Sintered Magnesia Chrome Refractory Bricks

Characteristics:

• Produced using magnesia and chromite as raw materials, containing 40%~60% MgO and 15%~30% Cr2O3, which form stable solid solutions at high temperatures.
• Exhibit extremely strong resistance to alkaline slag and molten metal erosion, with excellent high-temperature stability and outstanding wear resistance.
• Disadvantages include moderate thermal shock resistance, and potential environmental issues caused by chromium (hexavalent chromium pollution), leading to restricted use in some regions.

Main Applications:

• Regenerators and tank walls (parts in contact with molten glass) of glass furnaces.
• Non-ferrous metal smelting furnaces (e.g., converters for copper and nickel smelting), burning zones of cement rotary kilns, etc.

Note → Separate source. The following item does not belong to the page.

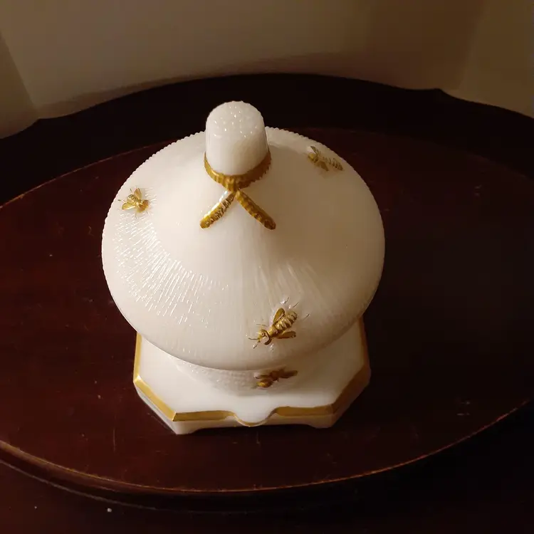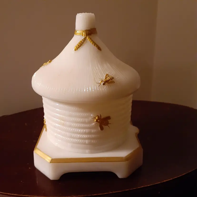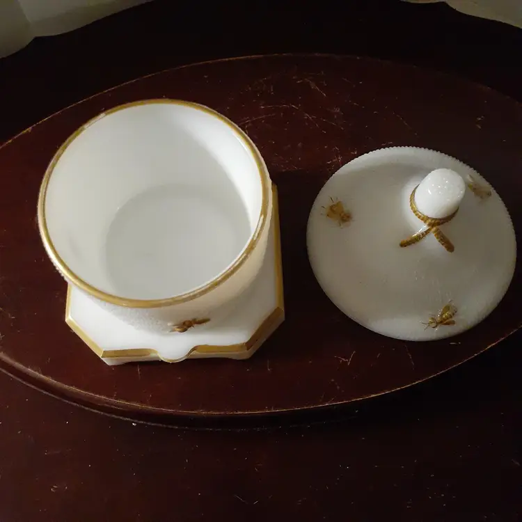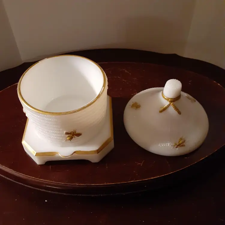 Milk glass, 5" tall with lid

Sintered Carbonaceous Refractory Bricks

Characteristics:

• Mainly composed of carbon-based raw materials such as graphite and coke, with a carbon content of 80%~95%. Antioxidants like silicon and aluminum are often added.
• Possess extremely high heat resistance (the refractoriness of pure carbon reaches 3500℃), good thermal conductivity, and strong resistance to erosion by metals and molten slag.
• Disadvantages include high oxidizability (requiring use in a reducing atmosphere or under coating protection) and moderate thermal shock resistance.

Main Applications:

• Hearth and bottom of blast furnaces (subjected to long-term erosion by hot metal and slag).
• Inner linings of aluminum electrolytic cells, bottoms of calcium carbide furnaces, etc.

Brick Type	Refractoriness	Chemical erosion	TSR	Application
Silica Brick	1670-1730	Good Acid Erosion Resistance Weak Alkali, Erosion Resistance	Poor	Open-hearth Furnace, Regenerator of Glass Furnace
Chamotte Brick	1580-1770	Medium Acid Erosion Resistance Weak, Alkali Erosion Resistance	Medium	Boiler, Preheater of Cement Kiln
High Alumina Brick	1800-2000	Good Acid & Alkali  Erosion Resistance,	Medium	Electric Arc Furnace (EAF), Burning Zone of Cement Kiln
Magnesia Brick	1800-2800	Good Acid Erosion Resistance Weak Alkali, Erosion Resistance	Poor	Converter, Lining of Ladle
Magnesia Alumina Brick	1750-1900	Good Alkali Erosion Resistance	Good	Waste Incinerator, Burning Zone of Cement Kiln

The performance differences among different sintered refractory bricks mainly stem from their raw material compositions (e.g., contents of Al₂O₃, MgO, and SiO₂). Their application scenarios should be selected based on factors such as the kiln’s temperature, atmosphere (acidic/alkaline), and contact media (slag, molten metal). For instance, silica bricks are preferred for acidic environments, magnesia or magnesia-alumina bricks for alkaline environments, and carbon bricks or high-alumina bricks for high-temperature conditions requiring resistance to metal erosion. With the increasing stringency of environmental requirements, magnesia-chrome bricks are gradually being replaced by materials such as magnesia-alumina spinel bricks.